До этого момента мы можем признать в психологическом отношении, которое можно легко выделить при наблюдении за поведением животных, существование субъектов, но не посредством какого-то проективного миража, фантома, который определенный тип психологов с удовольствием разбивает на куски, а просто в силу проявляющегося присутствия интерсубъективности. В животном, притаившемся в своей сторожке, в хорошо расставленной ловушке других, в финте, которым явный бродяга уводит хищника от стада, проявляется нечто большее, чем в завораживающей демонстрации брачного или боевого ритуала. Но даже в этом нет ничего, что выходило бы за рамки функции приманки, служащей удовлетворению потребности, или утверждало бы присутствие в том потустороннем мире, где вся природа может быть подвергнута сомнению в ее замысле.

Для того чтобы существовал вопрос (а мы знаем, что его задал сам Фрейд в книге "За пределами принципа удовольствия"), должен существовать язык.

Ведь я могу заманить противника движением, противоречащим моему реальному плану сражения, и это движение будет иметь обманчивый эффект только в той мере, в какой я произведу его в действительности и для своего противника.

Но в пропозициях, которыми я открываю мирные переговоры с ним, то, что мои переговоры предлагают ему, находится в третьем локусе, который не является ни моей речью, ни моим собеседником.

Этот локус - не что иное, как локус означающей конвенции, подобной той, что раскрывается в комедии печальной жалобы еврея своему дружку: "Зачем ты говоришь мне, что едешь в Краков, чтобы я поверил, что ты едешь во Львов, когда на самом деле ты едешь в Краков?".

Конечно, движение стада, о котором я только что говорил, может быть понято в обычном контексте стратегии игры, где есть правило обманывать противника, но в этом случае мой успех оценивается в коннотации предательства, то есть по отношению к Другому, который является гарантом доброй воли.

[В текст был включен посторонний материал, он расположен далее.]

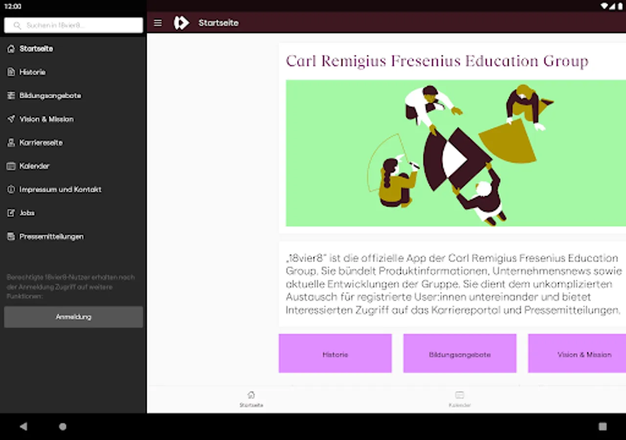 "18vier8" is the official app of the Carl Remigius Fresenius Education Group.
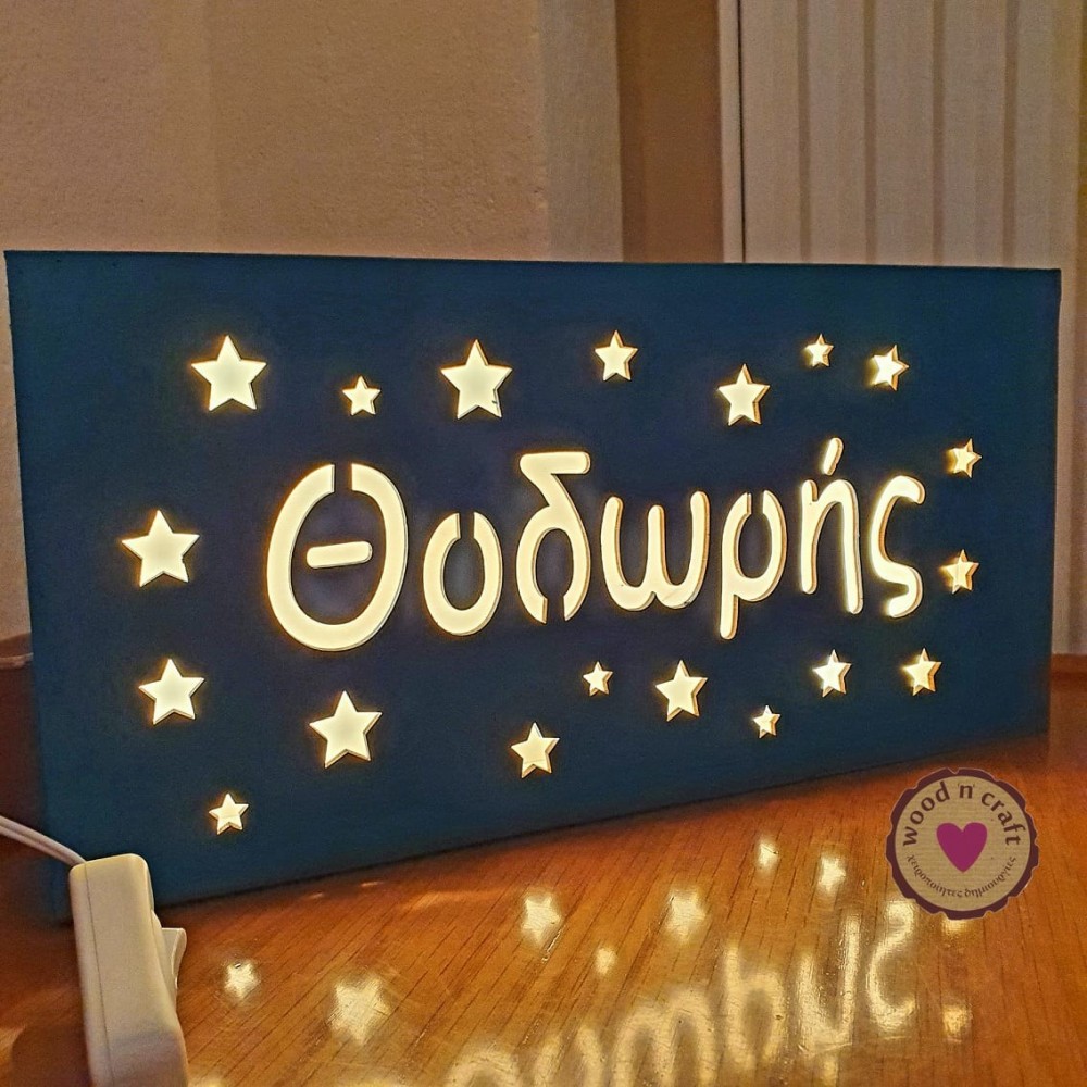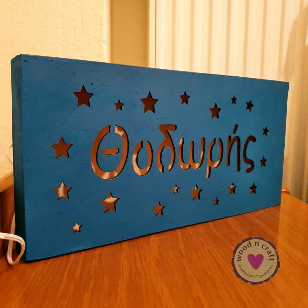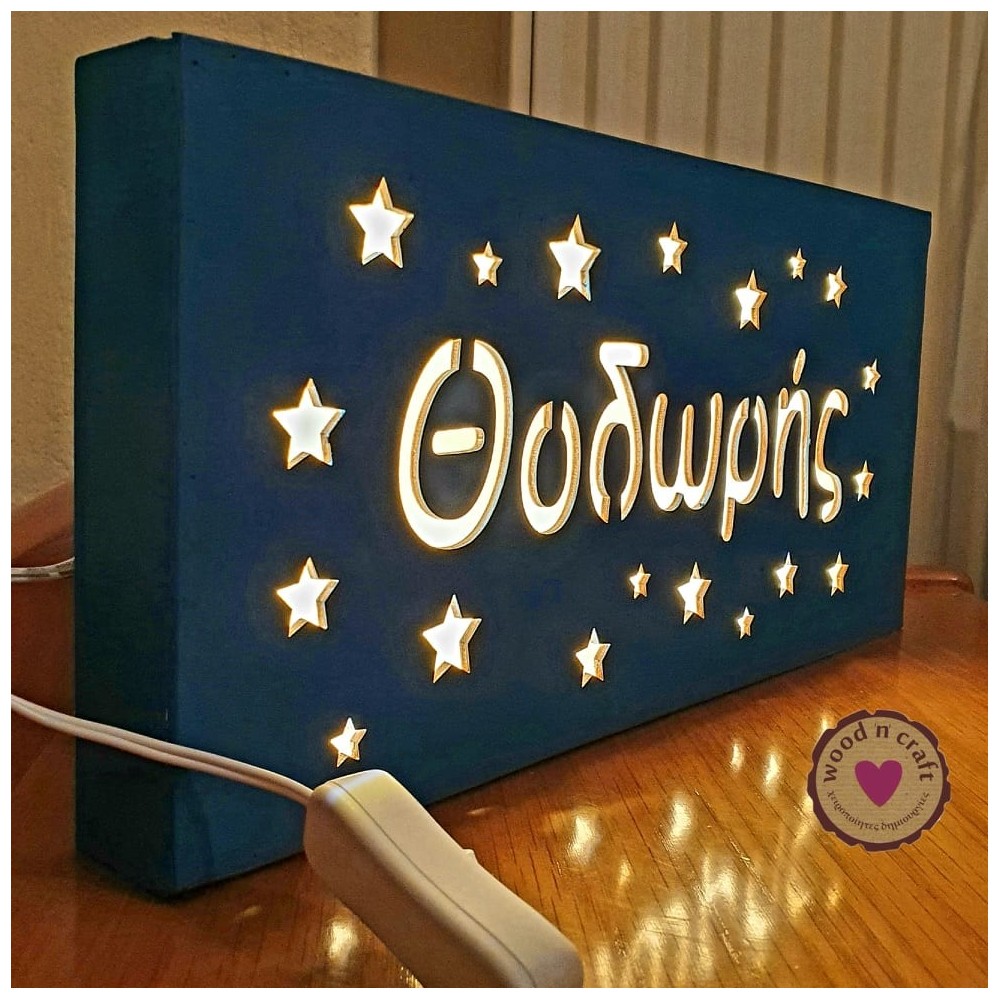 Ξύλινο χειροποίητο επιτραπέζιο φωτιστικό υψηλής αισθητικής με θέμα ταξίδι σε μια νύχτα μαγική... γεμάτη πολλά πολλά αστεράκια! Ένα μοναδικό φωτιστικό βαμμένο σε χρώματα που ταιριάζουν με την διακόσμησή σας και προσωποποιημένο με το όνομα της επιλογής σας!
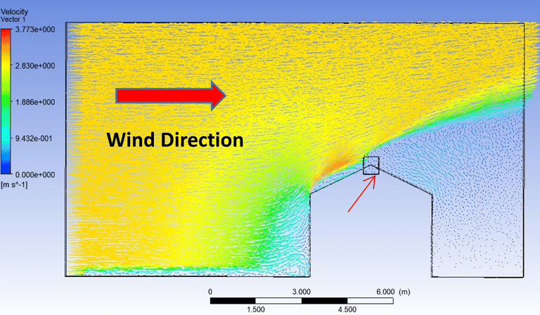 To evaluate the performance of ridge vents, a Computational Fluid Dynamics (CFD) analysis was conducted under the following boundary conditions:

Здесь речь идет о проблемах такого порядка, гетерономия которых совершенно неправильно истолковывается, если сводится к "осознанию других", или как бы мы это ни называли. Ведь если когда-то "существование другого" достигло ушей Мидаса психоанализа через перегородку, отделяющую его от тайных собраний феноменологов, то теперь новость шепчут сквозь тростник: "Мидас, царь Мидас, является другим своего пациента. Он сам это сказал".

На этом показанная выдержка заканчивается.